■ **Your objective**
Print exactly the lines that run from the first line of the material to the line containing "بالنسبة لهذا الدليل،", both ends included, and skip the pictures.

■ **Stored data**
------

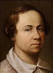 He arrived in late 1835 or early 1836.[3] Thanks to his wife's dowry, he was able to acquire a large home with ample room for a studio. His ability to speak fluent French, German and Italian helped ease his introduction to the boyar aristocracy. In addition to creating portraits of prominent people and their ancestors, he gave art lessons to their children. The portraits were done in a variety of media and forms, including miniatures.[1] He also painted icons and, in 1856, worked on church murals in Baloteasca and Budești.
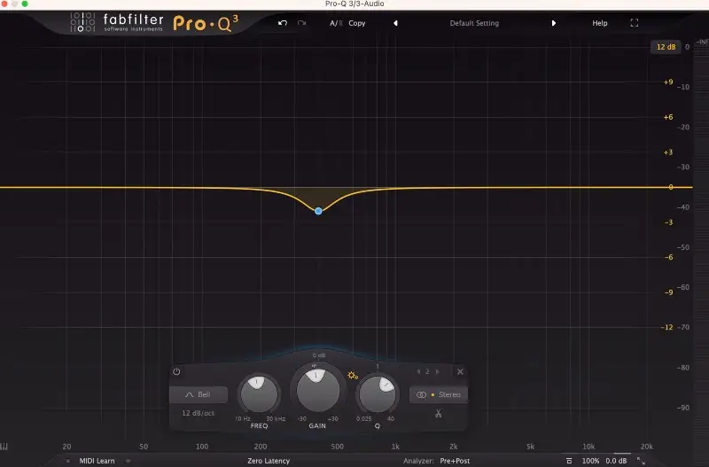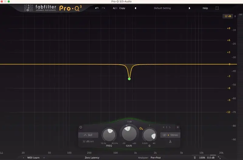 بالنسبة لهذا الدليل، سأستخدم معادل الصوت FabFilter Pro-Q3 لأنه معادل الصوت المفضل لدي في الصندوق. ومع ذلك، لا تحتاج إلى هذا المعادل للحصول على نتائج رائعة. أي معادل صوت لائق يمكنه القيام بالمهمة. المهم هو الأرقام وكيفية استخدامها.
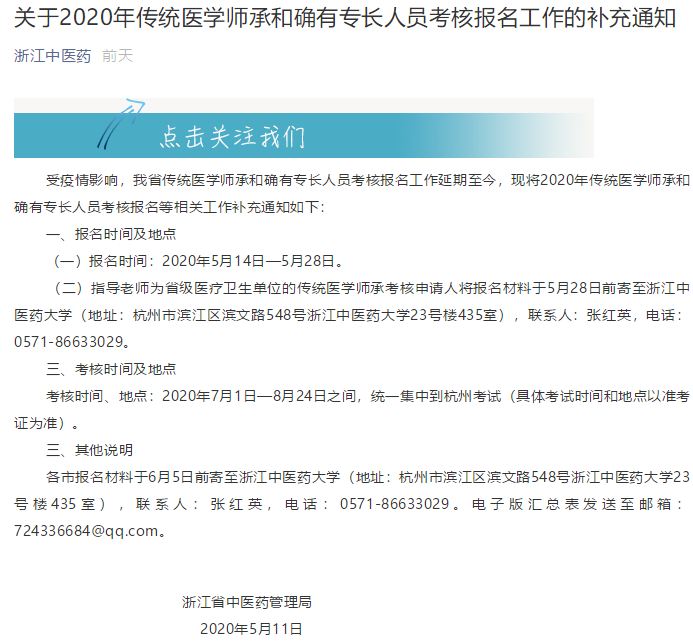 浙江省关于做好2020年传统医学师承和确有专长人员考核报名的补充通知
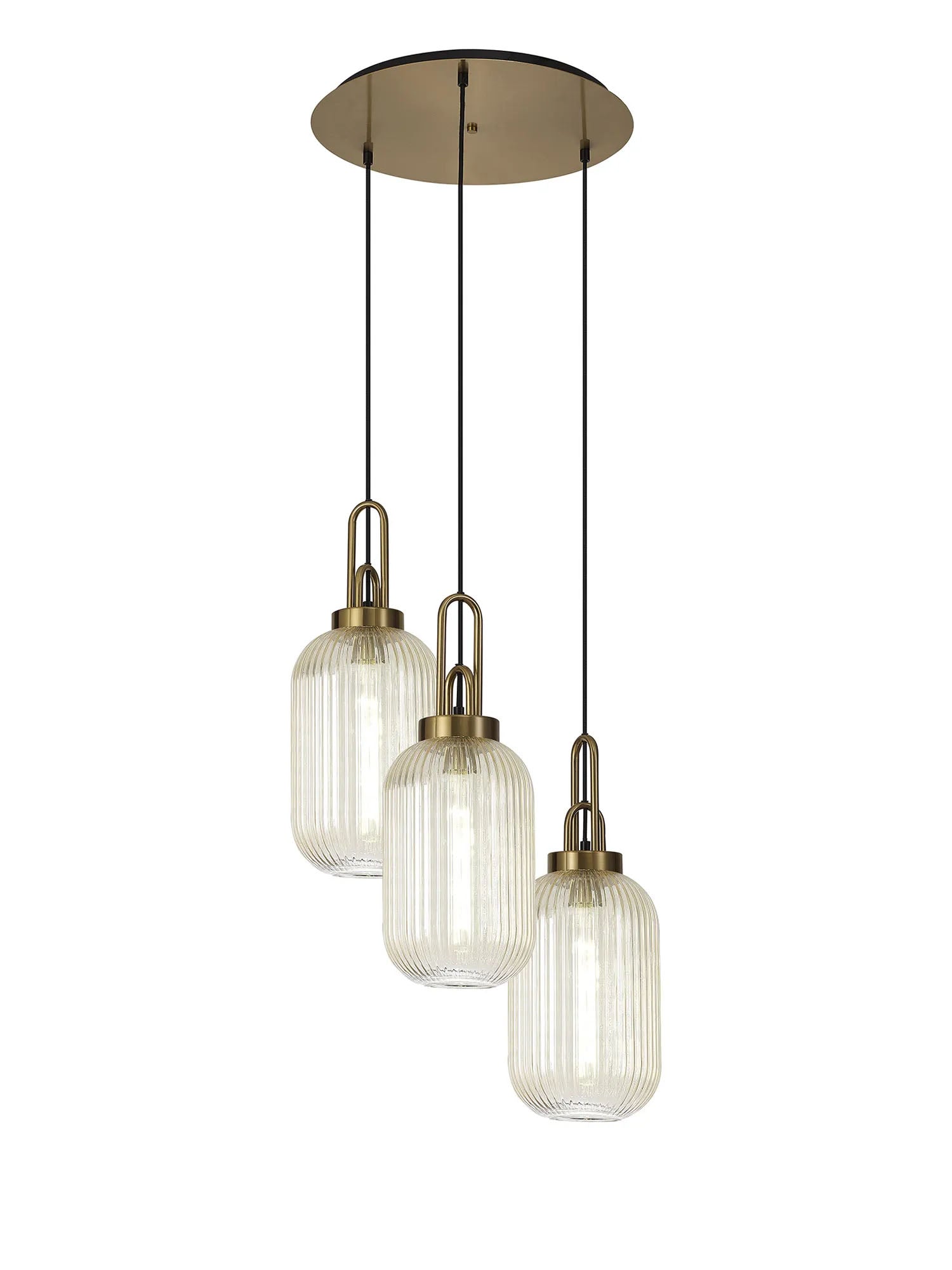 Allardyce Round 3 Light Pendant With 20cm Tubular Ribbed Glass, Brass Gold/Matt Black Champagne

------

■ **Answer section**
 He arrived in late 1835 or early 1836.[3] Thanks to his wife's dowry, he was able to acquire a large home with ample room for a studio. His ability to speak fluent French, German and Italian helped ease his introduction to the boyar aristocracy. In addition to creating portraits of prominent people and their ancestors, he gave art lessons to their children. The portraits were done in a variety of media and forms, including miniatures.[1] He also painted icons and, in 1856, worked on church murals in Baloteasca and Budești.
 بالنسبة لهذا الدليل، سأستخدم معادل الصوت FabFilter Pro-Q3 لأنه معادل الصوت المفضل لدي في الصندوق. ومع ذلك، لا تحتاج إلى هذا المعادل للحصول على نتائج رائعة. أي معادل صوت لائق يمكنه القيام بالمهمة. المهم هو الأرقام وكيفية استخدامها.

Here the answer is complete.